**Exercise objective:**
Only the lines from the line containing "If/when the broker" to the end of the material belong in the copy; set them down exactly, without pictures.

**Available data:**

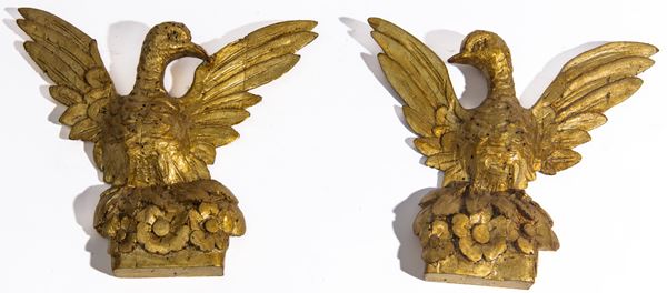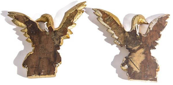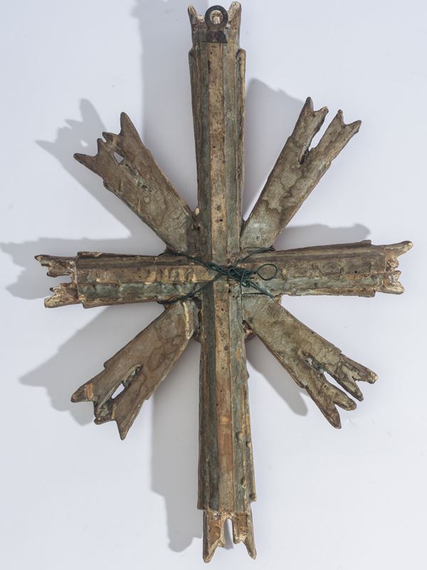 Raggiera: 38 x 26 cm; fregi a foggia di volatile: 23 x 26 cm.
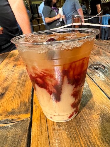 At the Wilderness Dogs and Drinks booth, we got the Beef Birria Loaded Fries with Boysenberry Crema, which comes with a big portion! (“Good bang for your buck. The birria is a little dry. Not bad, but not amazing.") I also tried the Boysenberry Pomegranate Lemonade (“Still really good but I don’t like mint and generally I found the cucumber one from earlier a bit more refreshing.")
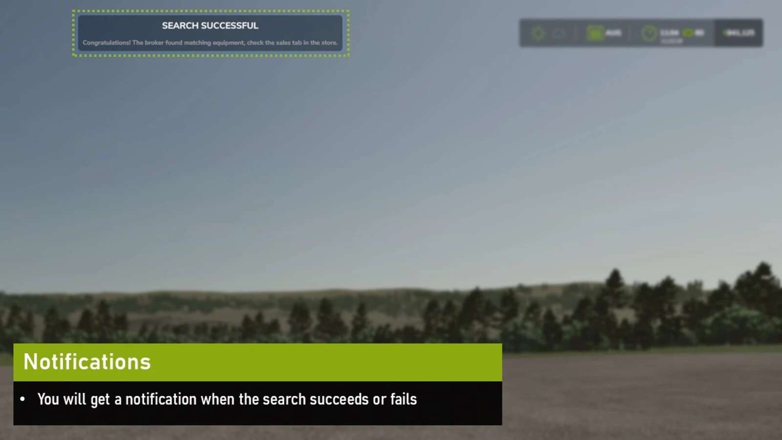 If/when the broker finds a match, you will receive a notification in the game, and the equipment will be available for purchase in the Sales tab in the equipment shop.
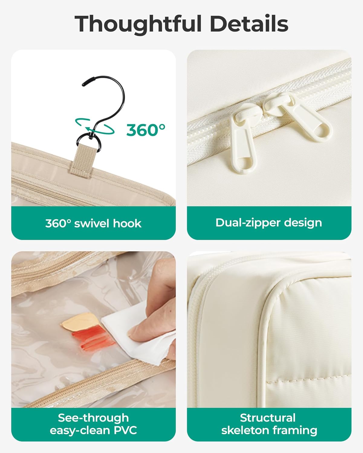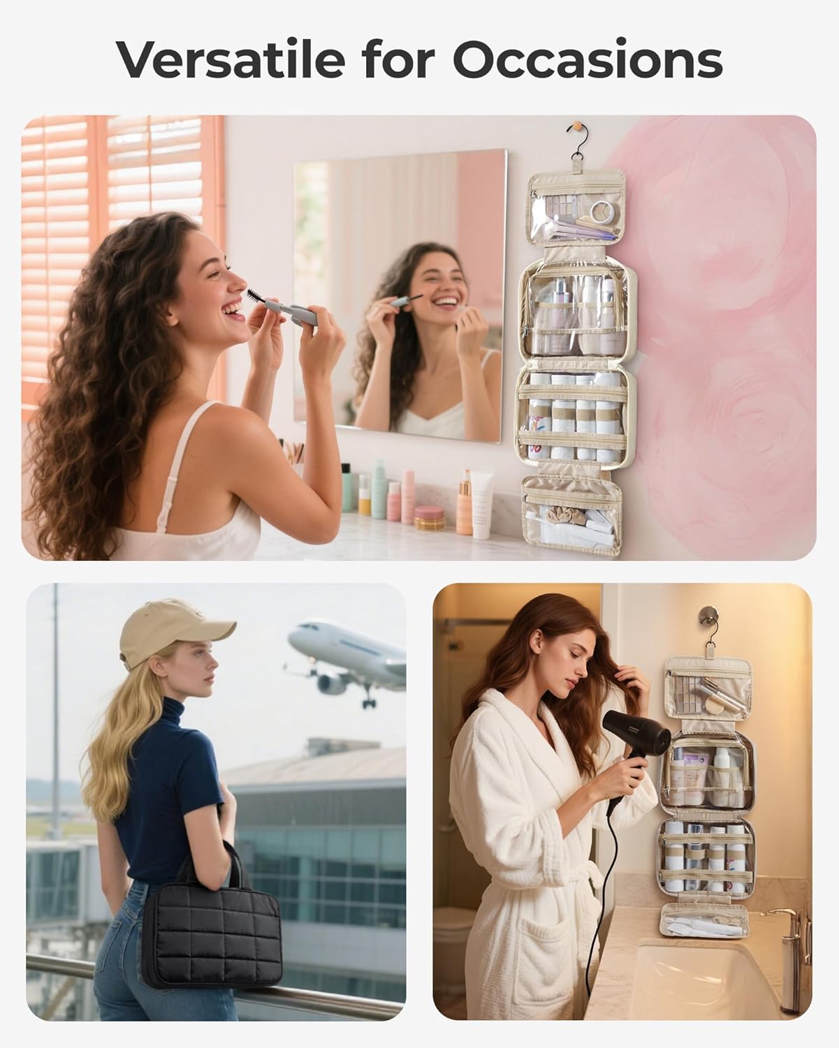 𝐂𝐨𝐧𝐯𝐞𝐧𝐢𝐞𝐧𝐭 𝐃𝐞𝐬𝐢𝐠𝐧: Travel bag for toiletry stow-away 360-degree swivel non-slip metal hook for versatile hanging options, carry handle doubles as its hanging strap, two-way zipper closure for quick access

**Solution for this task:**
 If/when the broker finds a match, you will receive a notification in the game, and the equipment will be available for purchase in the Sales tab in the equipment shop.
 𝐂𝐨𝐧𝐯𝐞𝐧𝐢𝐞𝐧𝐭 𝐃𝐞𝐬𝐢𝐠𝐧: Travel bag for toiletry stow-away 360-degree swivel non-slip metal hook for versatile hanging options, carry handle doubles as its hanging strap, two-way zipper closure for quick access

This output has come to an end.